Baseball's return last year was applauded by the Times-Delta ("Oldest Newspaper in the San Joaquin Valley"), which said, "It's an understatement to say that people in this area missed the grand old game..." and pointed out that the Oaks would create jobs and increase revenues of apartment buildings, motels, restaurants and the sales tax. Still, some Visalians groused about the $40,000 in municipal funds spent to move the light towers and fences back.

One of the best moves the city made was to adopt a nickname with local flavor for its team. The California League used to have such colorful names as the Lodi Crushers (Lodi being in grape country), the Fresno Sun Sox and the San Jose Prune Pickers, but now most teams have handles like Dodgers and Angels that make it easier for parent clubs to provide hand-me-down uniforms.

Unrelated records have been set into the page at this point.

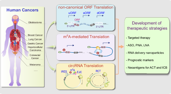 In this section, we will delve into the molecular mechanisms, key recent discoveries, and therapeutic implications of circRNA-driven translation in cancer progression. The biogenesis, detection, biomarkers, and other regulatory functions of circRNAs, including their role as microRNA sponges in cancer, are covered in other reviews [119, 121].
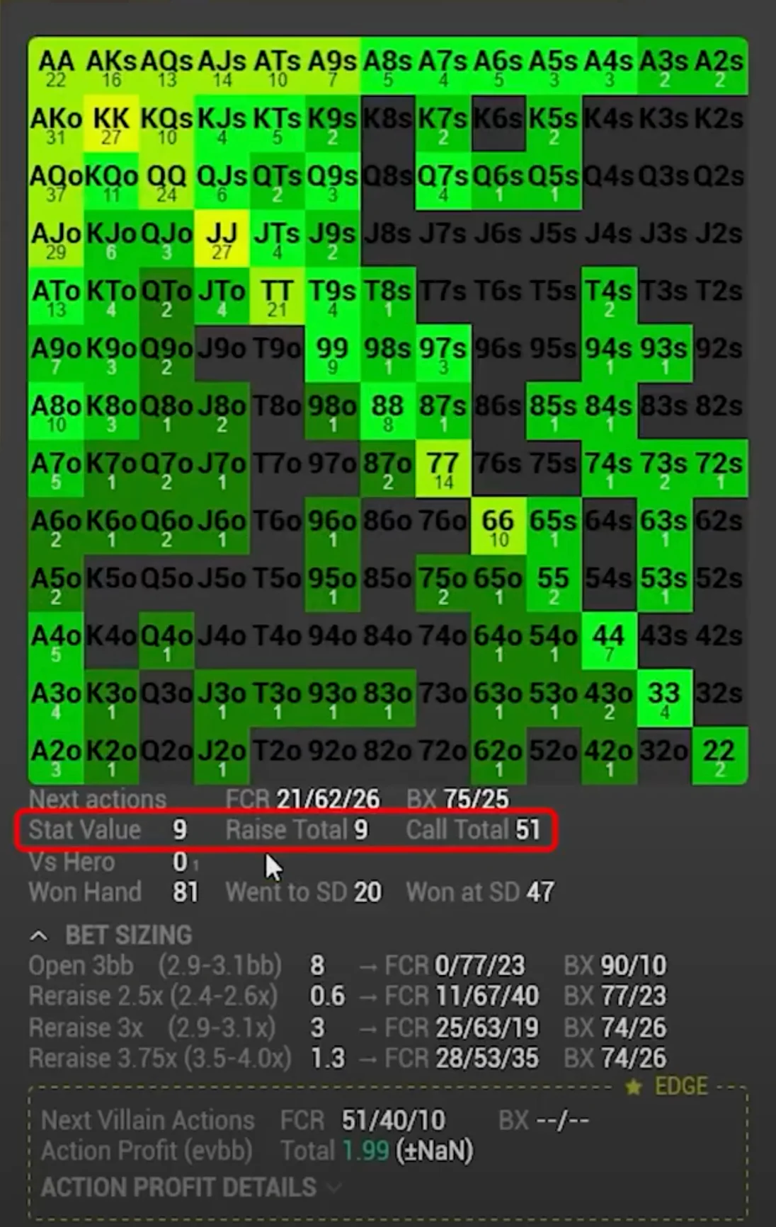 But what about the raise EV? How much money do you win or lose when you face a 3-bet? Well, of course, the answer depends on your exact hand. If you face a 3-bet after opening with aces, for example, your EV shoots up to 32.2 big blinds per hand. That's a lot of money.
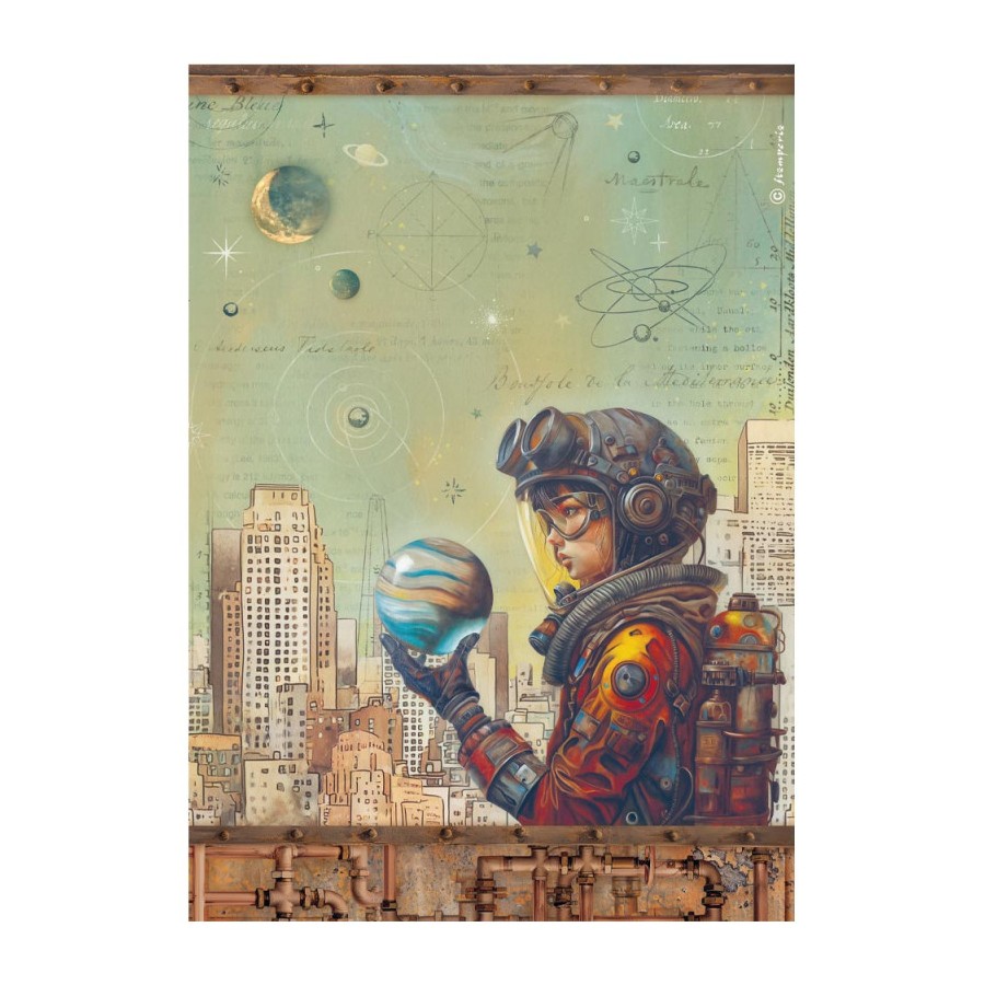 Papel de arroz decorado diseñado por Stamperia con un gramaje muy bajo cuya ligereza y adaptabilidad a casi cualquier superficie lo hace apto para cualquier técnica de decoupage. Permite forrar tanto por el interior como del exterior en superficies planas y redondas. Sobre el cristal es posible mantener la transparencia, sobre tela mantener la suavidad y sobre el mobiliario permite decorar el forro interior. Incluye una ilustracion de una esfera de reloj  con rosas rosas.
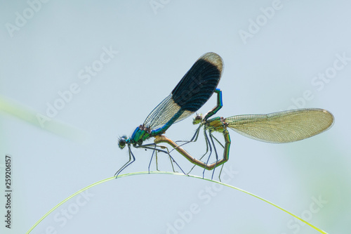 Banded demoiselle damselfly pair mating on plant
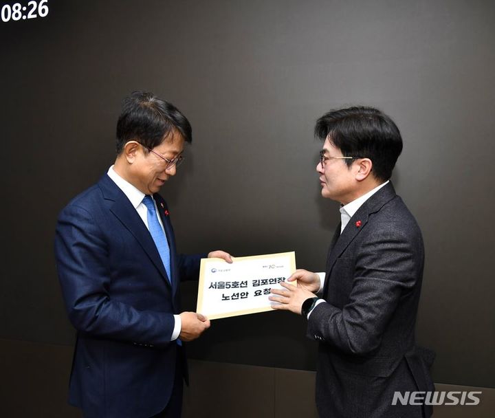 [김포=뉴시스] 김병수 김포시장이 지난해 12월 박상우 국토교통부 장관을 만나 김포골드라인 교통 혼잡 대책 일환으로 서울5호선 김포연장 노선요청서를 전달하고 있다.
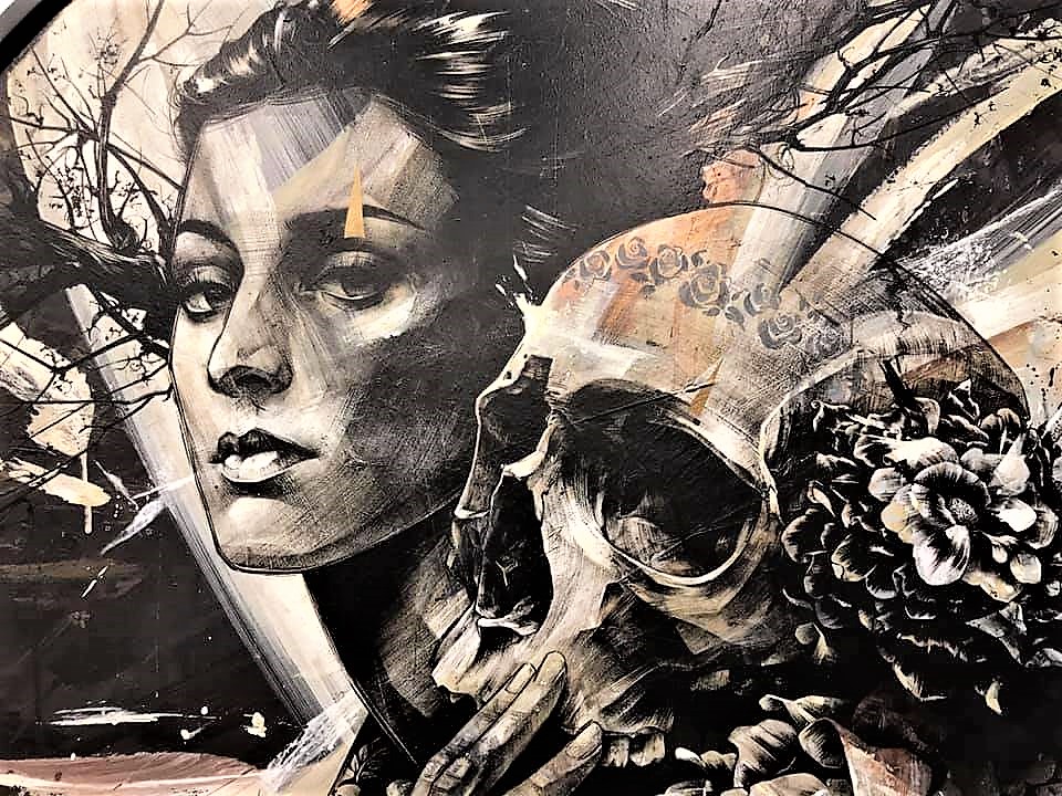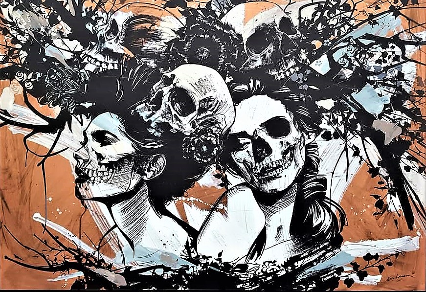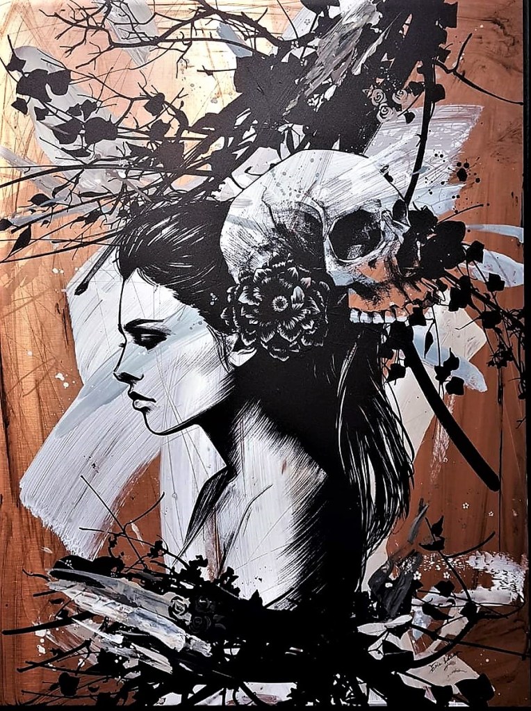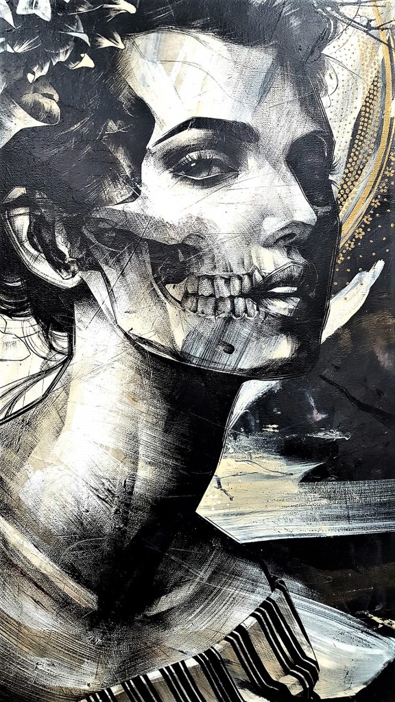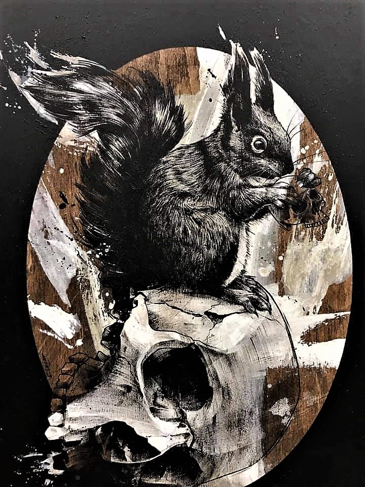 Les toiles de « Brûlures » déclinent le même message mais l’artiste y apporte distance et l’humour. Je fais référence à ce bel écureuil perché sur un crâne qui nous regarde. Impertinent, ignorant qu’il foule un objet sacré, il nous provoque. Il tient dans sa patte un crâne trop petit pour être vrai. Autre référence à ces portraits de femmes qui mettent entre parenthèse la thématique macabre pour célébrer la beauté.
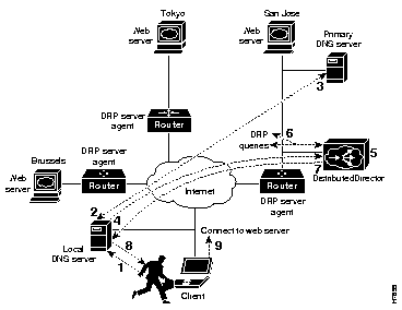 Using the Director Response Protocol (DRP), a simple User Datagram Protocol (UDP)-based application developed by Cisco, the Director can query properly configured Cisco routers in the field for Exterior Gateway Protocol (EGP) and Internal Gateway Protocol (IGP) topological "distance" metrics. With this information and other configuration metrics, the Director can assign an optimal distributed server to each client. As a result, users can be transparently and automatically assigned a distributed server anywhere on the Internet.
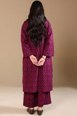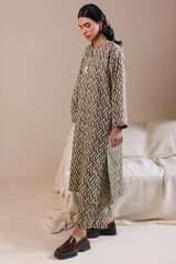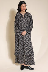A classic fit printed kurta with a round neckline and V-slit, adorned with playful tassel detailing. Paired with matching printed culottes.
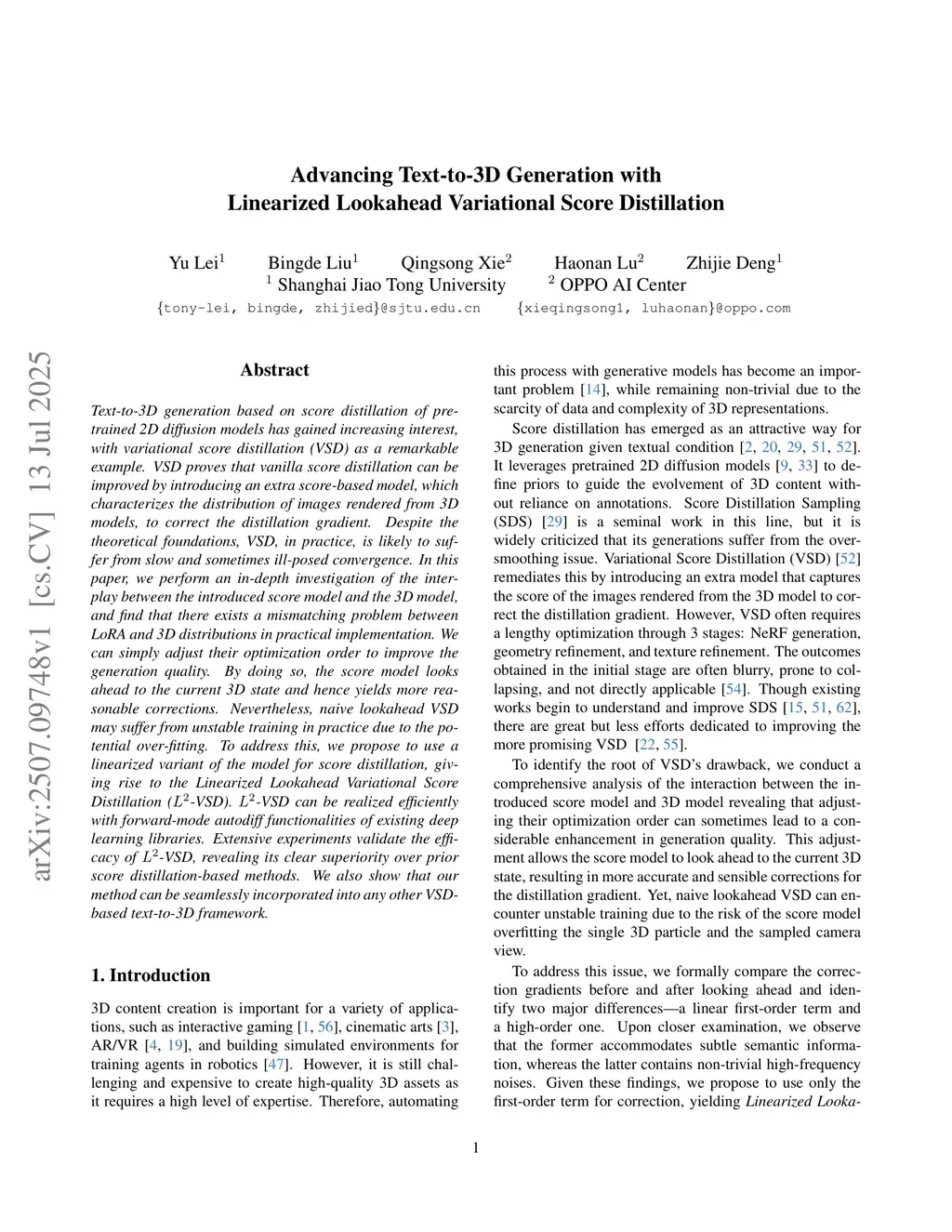 Advancing Text-to-3D Generation with Linearized Lookahead Variational Score Distillation
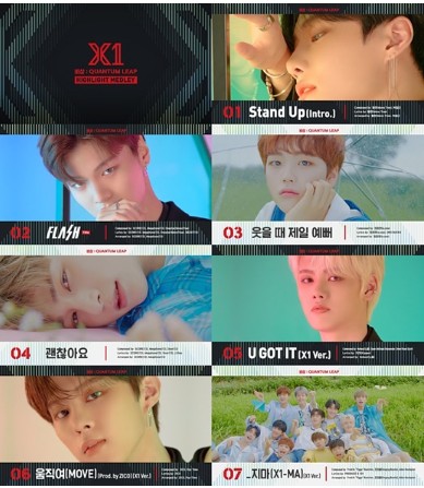 22日晚,X1通过官方SNS上公开了出道迷你专辑《飞翔:QUANTUM LEAP》的音源预告视频。视频中包含了以Intro Track《Stand Up》为首的主打歌《Flash》,《笑的时候最漂亮》(暂译),《没关系》(暂译)等收录曲的音频预告。与此同时,展现成员们帅气外貌的专辑封面照也持续公开,吸引了人们的视线。
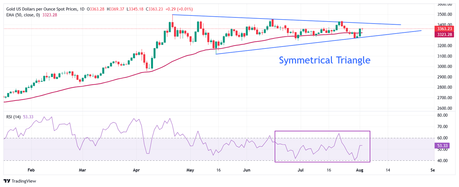El precio del Oro rebota por encima de la Media Móvil Exponencial (EMA) de 20 días, que cotiza en torno a los 3.323$. La tendencia general del precio del Oro sigue siendo lateral mientras cotiza dentro de la formación del Triángulo Simétrico, lo que indica indecisión entre los participantes del mercado.
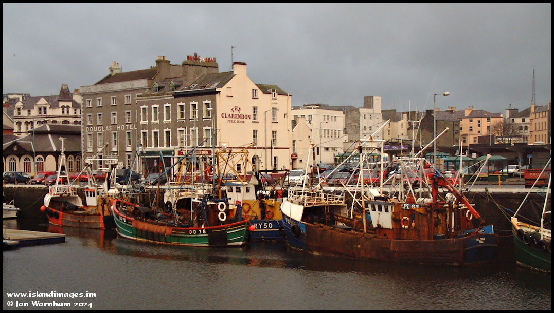 Christmas Eve in 2001 and local fishing boats are moored up on the north quay in the inner harbour, with the old Douglas Hotel and Clarendom Arms building behind, since replaced.
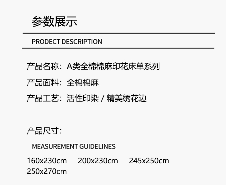 商品名称:优米家纺 2026新款棉麻印花床单单件床单单品 海滩红
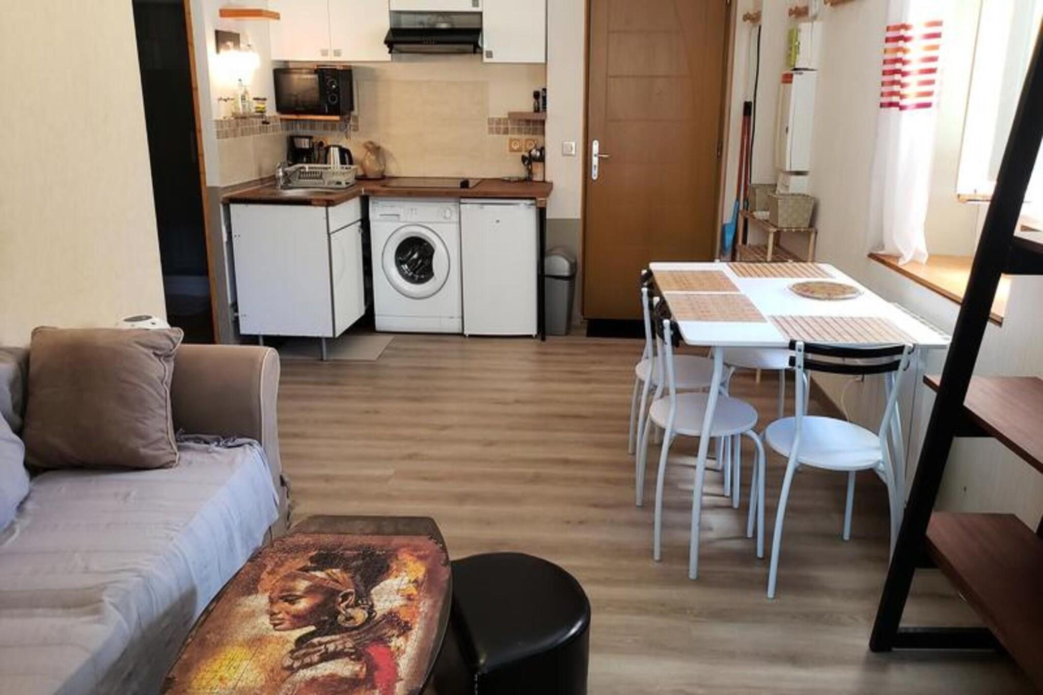 Denne charmerende lejlighed på 31 m² ligger i stueetagen og tilbyder et hyggeligt og bekvemt ophold i hjertet af landsbyen. Den har et opholdsområde med en 140 cm sovesofa, et tv og et spisebord. Det åbne køkken er veludstyret med køleskab, tre kogeplader, mikroovn, kaffemaskine, brødrister og kedel. Til lejligheden hører desuden soveværelse med 140 cm seng og god opbevaringsplads. Badeværelset er udstyret med bruser, og lejligheden har ikke-adskilte toiletter for ekstra bekvemmelighed. Lejligheden er ideelt beliggende kun 3 km fra de alpine skiløjper, perfekt til vintersportsentusiaster. Det er også tæt på badebakken (kælkeparken) og børnehaven, der byder på sjove aktiviteter for familier. Landsbyens centrum, med dets butikker og caféer, er inden for rækkevidde, hvilket gør det til et fantastisk sted for dem, der ønsker at udforske lokale attraktioner og nyde områdets faciliteter. Det omkringliggende område er perfekt til udendørs aktiviteter, herunder vandreture og skiløb i vintermånederne. Lejligheden byder på flere ekstra faciliteter til et behageligt ophold, herunder en vaskemaskine, ideel til længere ophold. For familier med små børn kan en barneseng lejes, og slutrengøring er tilgængelig efter anmodning. Bemærk venligst, at der kræves et depositum ved ankomsten for at sikre opholdet.
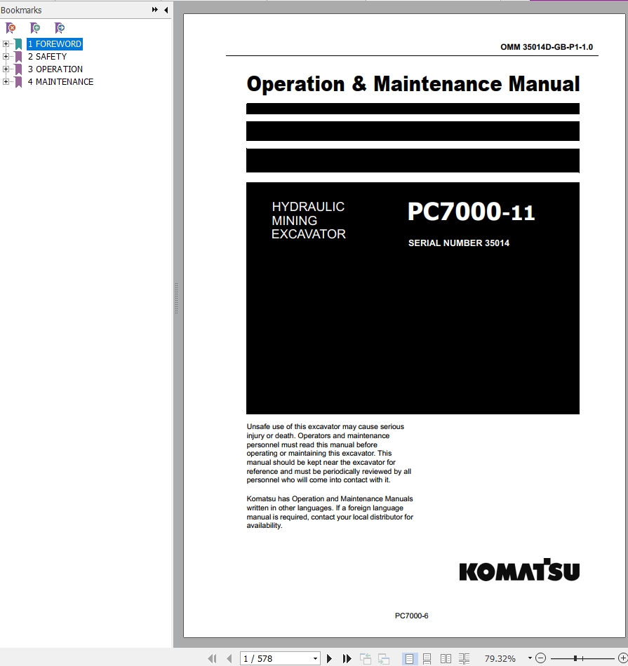 Komatsu PC7000-11 Operation & Maintenance Manual GZEAM35014-1
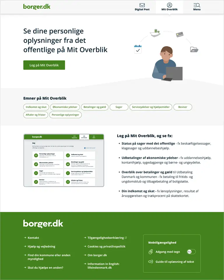 I dag logger borgerne direkte ind på Mit Overblik fra forsiden af borger.dk. Det direkte login giver ikke borgerne en klar fornemmelse af, hvilken løsning de logger ind på. Derfor er der udviklet en ny landingsside uden login til Mit Overblik, som skal formidle og skabe klare forventninger til, hvad Mit Overblik er, før login. Den åbne landingsside er søgemaskineoptimeret og skal også bruges i indsatsen for at udbrede kendskabet til Mit Overblik. Landingssidens indhold minder konceptmæssigt om det flow, brugerne kender fra login på andre portaler, fx ’Min Side’ på sundhed.dk.
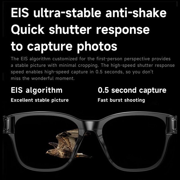 Okuliare Powerton EYON sú navrhnuté na každodenné nosenie – vážia iba 41,8 g, takže ich na hlave takmer neucítite. Vďaka odolnosti IP68 bez problémov zvládnu prach, dážď aj športové aktivity.AI funkcie
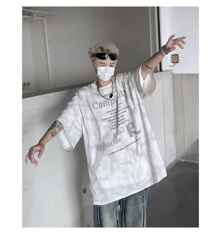 Guofeng 남자 반팔 티셔츠 2025 여름 새로운 넥타이 염색 인쇄 디자인 센스 루즈 올 매치 하이 스트리트 반소매 티셔츠스토어 가기

Oaks was the winning entry in a pick-a-name contest, beating out Minnows, Pure Grits, Doves, Quails and, perhaps in tribute to or mockery of the baseball-boosting Taylor, Hot Dogs.

"This is a good baseball town," says Taylor. "It's always been a good baseball town. One thing's for sure: never again will the majors pack up and go home, leaving us without a franchise. It's ours now—here to stay as long as we want it."

PHOTO

Two Oaks who are no dogs, .350 hitter Wilson and 6'5" McManaman, dine on archfan Taylor's fare.